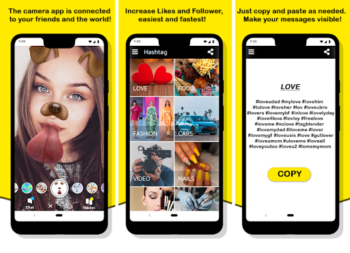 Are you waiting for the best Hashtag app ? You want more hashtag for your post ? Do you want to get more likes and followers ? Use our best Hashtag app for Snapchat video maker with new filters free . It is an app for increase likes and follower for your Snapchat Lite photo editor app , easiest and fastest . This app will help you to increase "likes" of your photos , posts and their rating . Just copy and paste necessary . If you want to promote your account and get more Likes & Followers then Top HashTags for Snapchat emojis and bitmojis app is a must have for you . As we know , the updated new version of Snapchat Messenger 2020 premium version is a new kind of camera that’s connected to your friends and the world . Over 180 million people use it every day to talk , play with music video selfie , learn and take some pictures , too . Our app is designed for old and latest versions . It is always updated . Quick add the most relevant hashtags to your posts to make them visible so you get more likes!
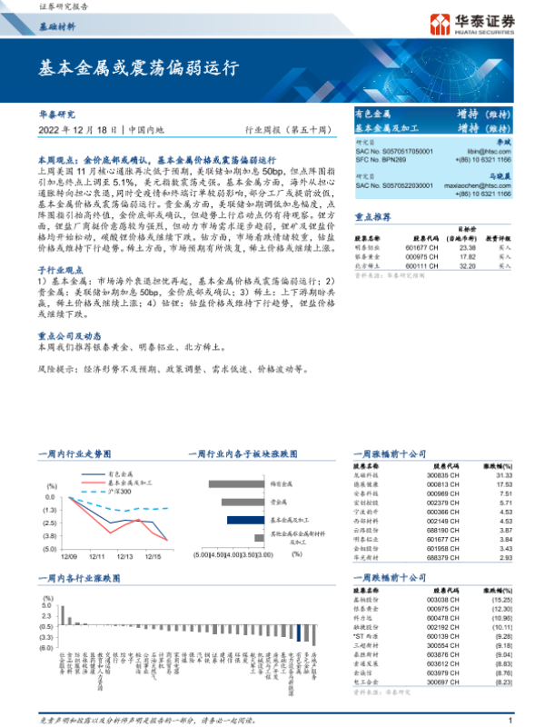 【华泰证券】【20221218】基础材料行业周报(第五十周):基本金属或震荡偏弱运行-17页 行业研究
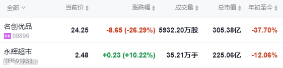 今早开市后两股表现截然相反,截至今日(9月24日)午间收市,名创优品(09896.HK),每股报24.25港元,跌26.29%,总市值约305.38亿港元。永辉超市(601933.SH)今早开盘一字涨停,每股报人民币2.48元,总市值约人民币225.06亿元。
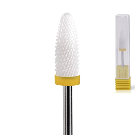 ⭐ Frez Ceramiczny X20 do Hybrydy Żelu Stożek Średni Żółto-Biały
--------------------------------
[Activity] Your task is to reproduce exactly the lines from the one that holds "今早开市后两股表现截然相反,截至今日(9" to the last line of the listing, and only those, omitting the pictures.

[Result of the task]
 今早开市后两股表现截然相反,截至今日(9月24日)午间收市,名创优品(09896.HK),每股报24.25港元,跌26.29%,总市值约305.38亿港元。永辉超市(601933.SH)今早开盘一字涨停,每股报人民币2.48元,总市值约人民币225.06亿元。
 ⭐ Frez Ceramiczny X20 do Hybrydy Żelu Stożek Średni Żółto-Biały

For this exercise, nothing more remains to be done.